GARMON: Mapping and characterizing gardens using remote sensing

#STEREO, #Webstory, #Urban, #Biodiversity

Published on 12 January 2021

Gardens (private green spaces) are strategic spaces for local environmental quality of life, being a substantial part of local green in living environments worldwide.
The missing link of the green network

Garden related policy that strives for the optimization of the garden complex has only recently started up. Garden policy initiatives require objective data and monitoring of land cover and use, management, and policy effects. To date, reliable, systematic and integrated elementary base-line data on gardens - let alone extensive datasets - are almost completely missing in Flanders as well as elsewhere. Their private character is one of the main barriers.

To support garden research and policy, there is a clear need for more detailed information on and monitoring of garden cover, use and management.


Summer 2015 orthophoto of the study area (40 cm resolution) showing garden parcels and buildings larger than 20 m²

The GARMON (The GARrden MONitoring) proof-of-concept study, funded by the STEREO programme and the Flemish region, focused on the development of a garden monitor through the integration of existing remote sensing techniques. Both airborne and spaceborne remote sensing technologies were combined and its potential to locate and characterise garden and garden complexes were explored.

The goal was to explore image processing techniques to extract in a spatial explicit way the location and area of gardens and area of (and ratio’s between) different garden cover components (e.g. trees, grass, low green, sealed surface, and water).

From definition to map

The first step was to define a garden from a technical point of view. The team, consisting of members of KULeuven and Informatie Vlaanderen and coordinated by the Departement Omgeving of the Flemish Region, defined a garden as an area used for cultivation and recreation, which is located close to buildings and which cannot be cultivated solely for production purposes (agriculture).

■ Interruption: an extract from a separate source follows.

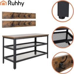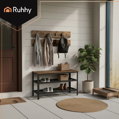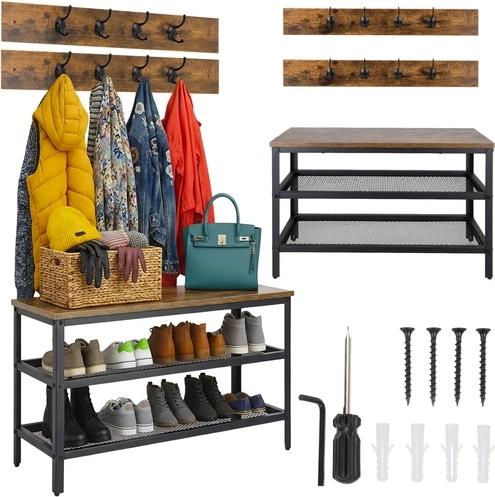 Estilo, orden y funcionalidad en uno. Este organizador 2 en 1 combina zapatero, banco y perchero en una solución compacta ideal para recibidores, pasillos y vestidores. Los estantes de rejilla favorecen la circulación del aire, reduciendo la humedad y los olores del calzado, mientras que el marco de acero con recubrimiento en polvo garantiza una larga vida útil.

Based on the knowledge of existing datasets for the study area of Leuven a GIS (Geographic Information System) workflow was established. The workflow to select polygons was used to create a 'Garden' layer for the study area of Leuven, which was subsequently validated.

Garden characteristics based on regional available remote sensing data (aerial imagery -both optical RGB and LiDAR-) are added.

This result was also compared and validated with available land use data that list buildings and this for the whole of Flanders.

The result was a first garden map for Flanders that is helpful to start a 'garden policy' on a regional and local level.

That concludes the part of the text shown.